Hey guys...just got a very old (70's mabey) Abu garcia ambasseduer 5000 and was wondering if anyone knows where I can get bearing kits and drag washers....also curious of I can speed up the levelwind system for using braid


----------



## lastcast (Oct 12, 2007)

Give Ron Trine a call at Rod n Reel Depot, he might be able to help you, 458-0428. On Lillian Hwy just N of 98.


----------



## timeflies (Oct 3, 2007)

ebay.
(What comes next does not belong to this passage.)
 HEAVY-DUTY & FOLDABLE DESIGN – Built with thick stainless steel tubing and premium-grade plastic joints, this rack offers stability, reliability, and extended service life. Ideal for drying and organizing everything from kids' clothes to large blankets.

Crap load of ambassaduer parts on ebay.


----------



## jcallaham (Dec 13, 2009)

locally, pompano joe could help, also Jerry Foran/ Hookless. com


----------



## Pompano Joe (Jan 28, 2009)

*Ambassadeurs*



jcallaham said:


> locally, pompano joe could help


Thanks for the plug, Jim. 

There's a lot you can do to the older Ambassadeurs just by polishing the friction points. Bring it by and I'll look at it before you go throw money at it. Here's a list of upgrades for your consideration.
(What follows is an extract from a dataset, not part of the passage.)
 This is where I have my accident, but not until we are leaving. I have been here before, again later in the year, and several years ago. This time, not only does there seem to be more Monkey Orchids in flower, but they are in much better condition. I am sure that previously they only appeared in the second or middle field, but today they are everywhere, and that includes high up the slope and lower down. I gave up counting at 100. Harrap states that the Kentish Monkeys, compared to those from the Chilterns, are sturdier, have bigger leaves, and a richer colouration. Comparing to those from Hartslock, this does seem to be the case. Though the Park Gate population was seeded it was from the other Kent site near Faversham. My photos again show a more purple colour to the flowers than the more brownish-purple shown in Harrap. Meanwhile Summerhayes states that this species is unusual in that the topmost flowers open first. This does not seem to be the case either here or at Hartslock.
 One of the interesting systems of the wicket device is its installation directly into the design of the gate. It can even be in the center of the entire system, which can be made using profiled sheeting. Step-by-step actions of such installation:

Bearings: I can bring back the current bearings unless they're just gone. Have Boca "Lightning" Ceramics on hand.

Drag Washers: I'll have to check, but pretty sure I've got some Smooth Drag Carbontex drags for your reel.

Level Wind: Don't have these on hand, but can get a single or double bearing level wind kit and/or ceramic paul. There's also an idler gear available with a bearing for most models.

Let me know if I can help.

joe @ 516-2409


----------



## rufus1138 (Oct 29, 2012)

ill definitely want to get with you on this joe, its old enough that it doesnt have bearings, this is a full bushing reel, everything seems to be in good working order, i serviced and cleaned it and it smoothed way up. im definitely interested in the ceramic bearings and the drag upgrade. just to give you an idea it was bought at a store called okiebug in tulsa that apparently sold tons of them, its old enough that it doesnt have the oiling port in the handle cap, the cap has to be removed and there is a port underneath that allows oiling, also the casting drag is missing what my uncle says is supposed to be cork bushings that ride on a pin in order to make the casting drag work.


----------